Reputation: 15091
If a variable is a boolean
or a char
(in C/C++) or a byte
(in some language like Java - no wait Java's on a VM) and the CPU uses words larger than 1 byte, isn't space wasted? I heard when the variable is stored in memory it can be stored more compact for example 1 byte even though a word is 4 bytes. Can someone explain how this happens? It seems backwards because registers are more at a premium than RAM.
Upvotes: 3
Views: 1035
Reputation: 71586
For each instruction set there are these kinds of definitions. A byte for example is 8 bits or 9 bits or some other size. A word is defined by that architecture to mean something.
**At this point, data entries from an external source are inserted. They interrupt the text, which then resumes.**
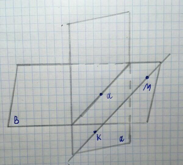 Плоскость а и В имеют общую прямую а и пересекают прямую КМ в точках К и М соответственно.
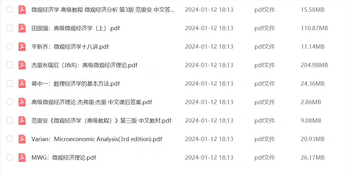 后将通过百度网盘发送全套电子资料,包括高清PDF版笔记、结构化思维导图,以及《Jehle & Reny》(J&R)和范里安《微观经济分析》的课后习题详细解答,覆盖主流高级微观教材重点难点。
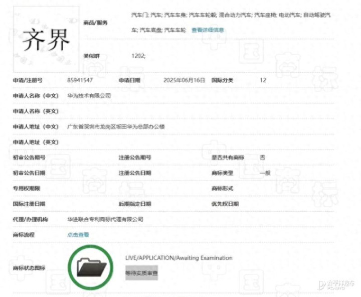 【太平洋汽车 行业频道】近日永隆配资,国家知识产权局商标局最新信息显示,华为技术有限公司近期申请注册了“齐界”商标,申请日期为今年 6 月 16 日,该商标目前处于等待实质审查阶段。
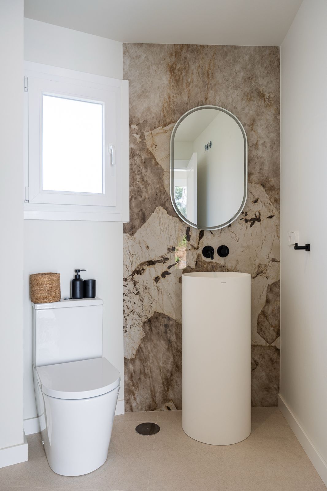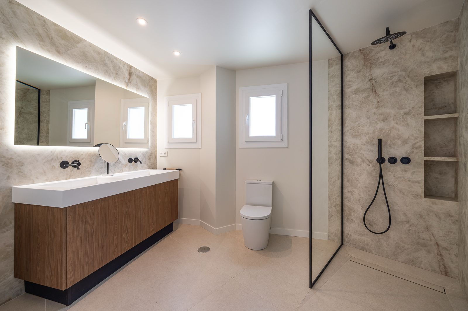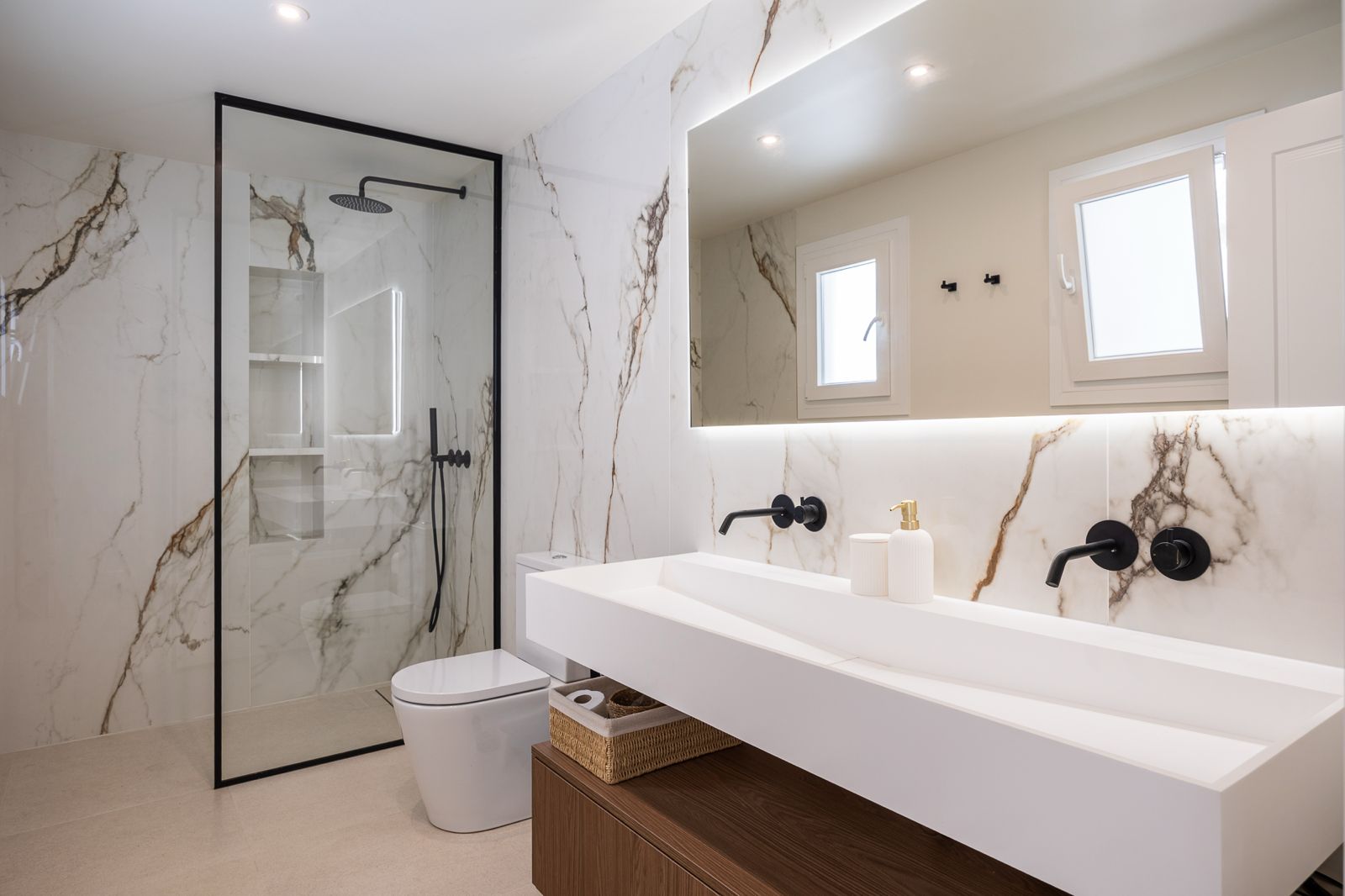 - Baños de diseño vanguardista, donde el mármol y las tonalidades neutras se fusionan con griferías negras de carácter minimalista, creando espacios elegantes y atemporales.

8086/8088 defined a byte as 8 bits and a word as 16 bits. You had 16 bit registers, but you could also use them as 8 bit half registers ax is a 16 bit register ah is the upper half of ax and al is the lower half. Not typical but how they did it. Later 80x86 EAX becomes a 32 bit register of which ax is the lower half and so on. Since a word was defined as 16 bits EAX is defined as a double word or dword. Later 64 bit registers came along...64 bits in this architecture being called a quad word.
ARM defines a byte as 8 bits, a halfword as 16 bits, and a word as 32 bits. Others do this as well.
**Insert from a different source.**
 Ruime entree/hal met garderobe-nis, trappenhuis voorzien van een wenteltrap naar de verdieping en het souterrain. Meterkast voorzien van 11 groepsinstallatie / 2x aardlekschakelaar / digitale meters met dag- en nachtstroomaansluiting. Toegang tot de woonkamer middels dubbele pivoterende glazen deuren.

That is at the hardware level. Then you get into programming languages and they are free to change the definitions as well as programmers who might want to take advantage of typedefs or whatever in the language to create or change other definitions and are free to make those any size they want. The language sizes dont have to match the hardware, sometimes it is a good idea to do that but they dont have to, it is up to whomever implements that compiler and/or the backend for a particular target.
About waste...
The x86 architecture uses variable word length instructions. Which means there are some 8 bit instructions, some 16 bit instructions, 24 bit, 32, bit and so on. You might want to move from one register to another, an that instruction might only take one byte, but if you wanted to move a 16 bit value into a register, that might take one byte to say I want to move an immediate into a register, then two more bytes to define the immediate, three bytes total for that instruction. The instruction set was invented when memory was 8 bits wide and for an 8 bit wide memory system this makes sense. Now that we use 32 and 64 bit wide memory systems, this is extremely painful. Nevertheless the instruction set has 8 bit registers, ah,al,bh,bl, etc and can do 8 bit operations on 8 bit registers. So it might make sense to make a bool or other such things a byte in size to save on some space. You are already chopping up your memory in to variable sizes anyway with no alignment, might as well.
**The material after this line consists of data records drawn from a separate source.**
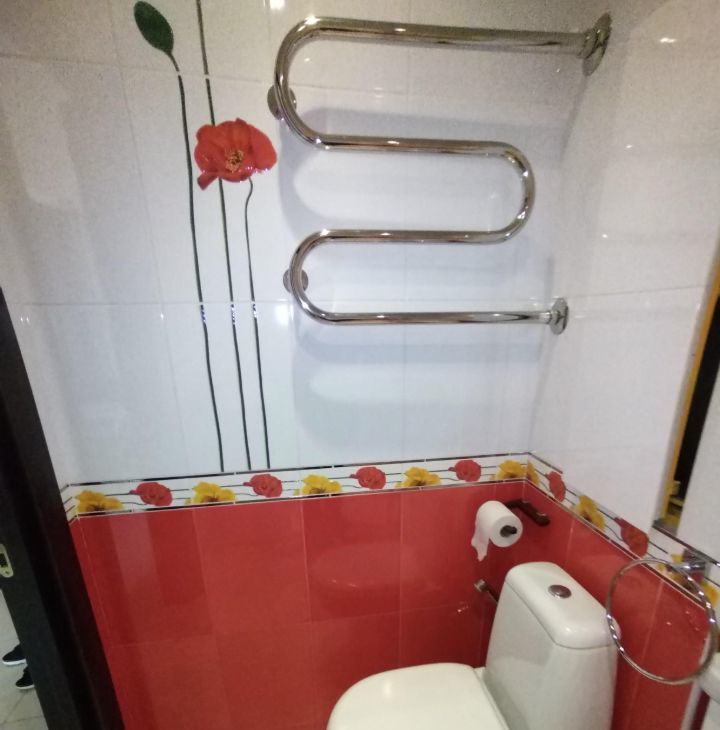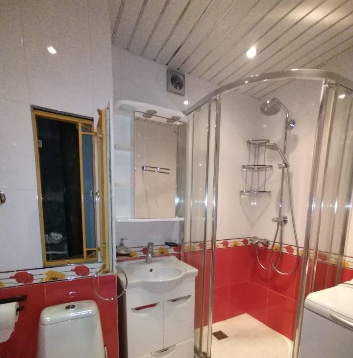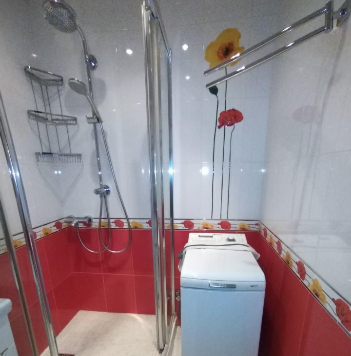 Сан.узел совмещен, в современной плитке до потолка, душевая кабина, стиральная машинка автомат.
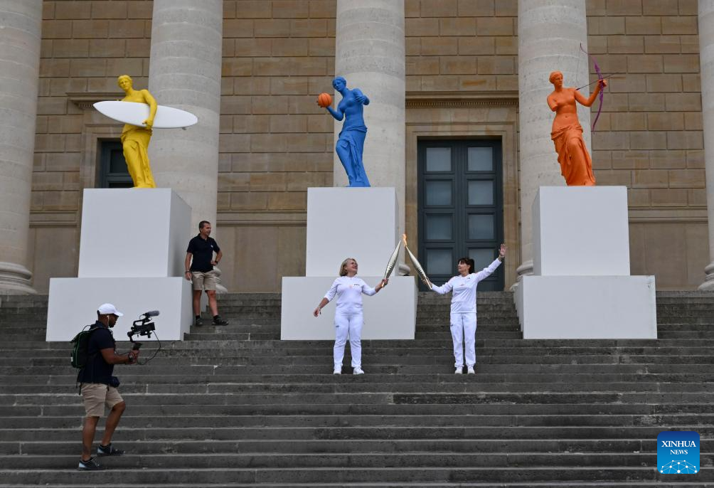 PARÍS, 14 julio, 2024 (Xinhua) -- La portadora de la antorcha, Valerie Frehaut (d), pasa la llama olímpica a Virginie Babinet, durante el Relevo de la Antorcha de los Juegos Olímpicos de París 2024, en París, Francia, el 14 de julio de 2024. (Xinhua/He Changshan)
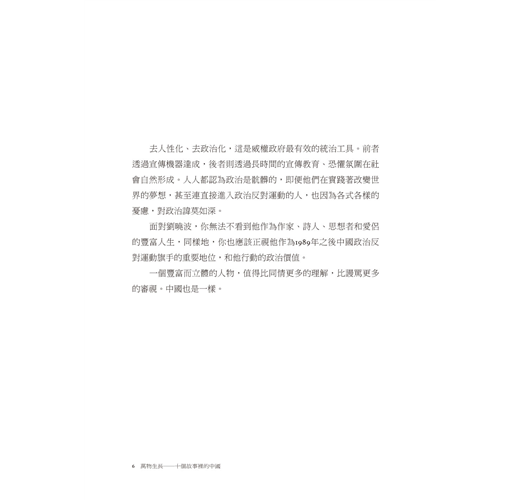 面對劉曉波,你無法不看到他作為作家、詩人、思想者和愛侶的豐富人生,同樣地,你也應該正視他作為1989年之後中國政治反對運動旗手的重要地位,和他行動的政治價值。
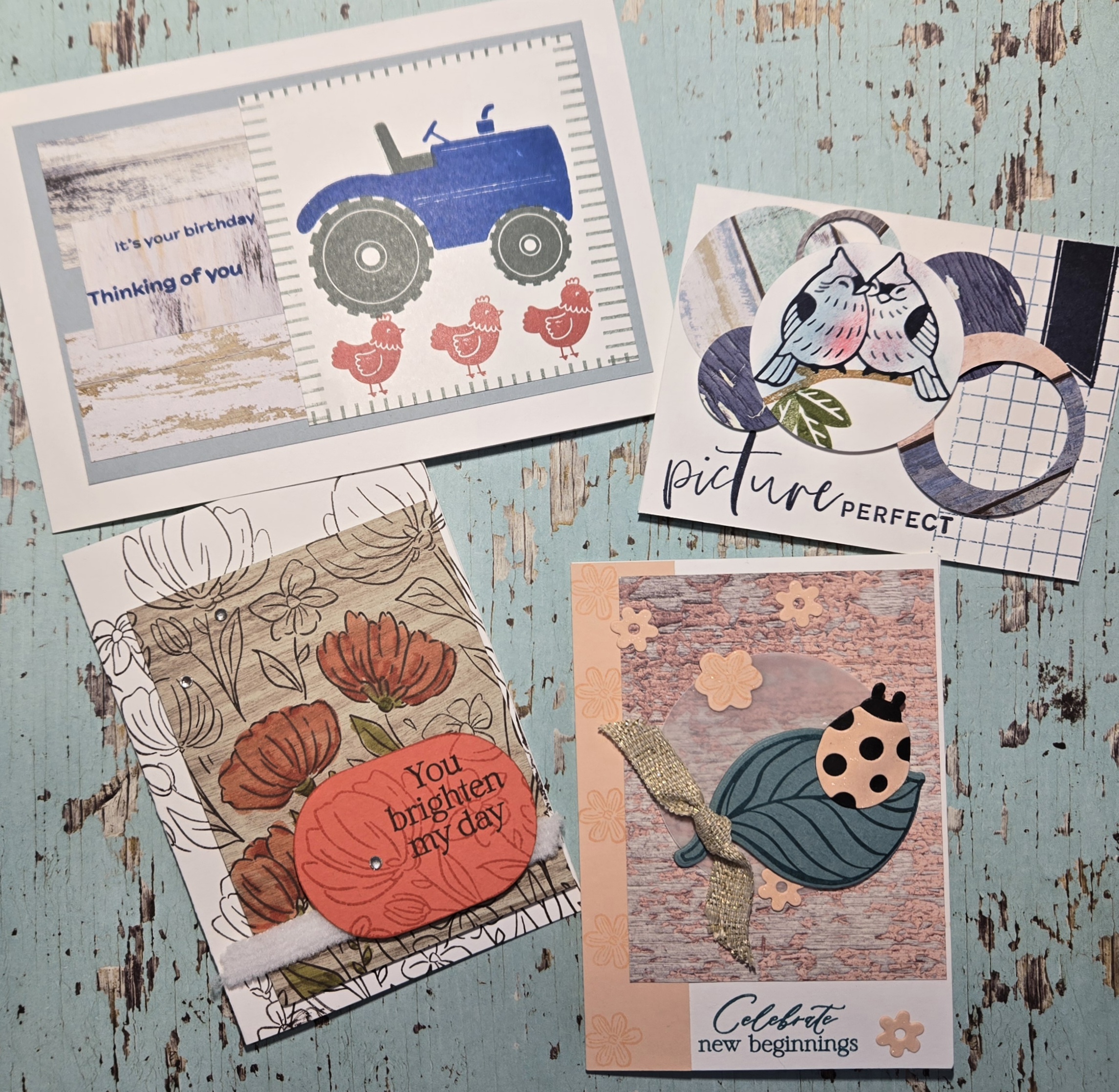 The idea is that you make one sample of each of the 4 designs and stamp and cut supplies for the remaining cards. Then you take those components home to assemble. The cards are designed to be versatile should come in handy for you to use for men, women and children, fo birthdays, congratulations and best wishes , among other events.

ARM, thinking traditional ARM (not thumb/thumb2), instructions are always 32 bits wide, no more no less. there are more registers than x86 bit they are not divided into half registers or byte sized registers. you dont have 8 bit operations like compare, etc. Everything is 32 bit because it is done register to register (there are some small immediates, yes). If you had a variable in your high level language that was never going to be less than -5 or greater than say +20, you might want to use a signed byte in your high level language to save on some space. You will find that at times you have to use extra instructions to sign extend or mask the data to simulate an 8 bit operation using 32 bit registers. saving 3 bytes cost you 4 or 8 or more. an 32 bit int would have been cheaper than a signed byte.
There are alignment problems, just because x86 allows for unaligned accesses (say a 32 bit read/write from/to address 0x4 with a 32 bit data bus) it costs you extra cycles. ARM and others dont allow this. but by the same token a byte write, even through the cache, costs you a read-modify-write as the cache is likely a 32 bit wide ram. to change one byte you have to read 32 bits, modify 8 , and write 32 back. costing clock cycles. Had you used a 32 bit variable instead of an 8 bit variable, even though that variable might never be outside the -5 to +20 range. you cost yourself more clock cycles. more waste.
Now as to your question about why would a system with 8 bit registers take more cycles to add 32 bit numbers than a 32 bit system. You know the answer to this already as you most likely went to grade school and learned to add with pencil and paper.
If I want to add the decimal numbers 123+789 in a world where I am allowed 3 digit registers I can perform that addition in a single cycle:
110 <--- carry bits/numbers
123
+789
====
912
Think of that as your 32 bit register based system. Now for the 8 bit register based system, the world only allows one digit at a time:
one cycle 3 + 9 with a carry in of 0
10
3
+ 9
====
2
carry out is a 1, we have to perform that operation to get the carry out so we can use it as the carry in on the next operation with the next set of registers, next cycle 2 + 8 with our carry in of 1
11
2
+ 8
====
1
carry out is also a one, third cycle 1 + 7 with a carry in of 1
01
1
+ 7
====
9
and the carry out is 0 if we needed it...
The number system doesnt matter (base 10, base 2, etc) it all works the same.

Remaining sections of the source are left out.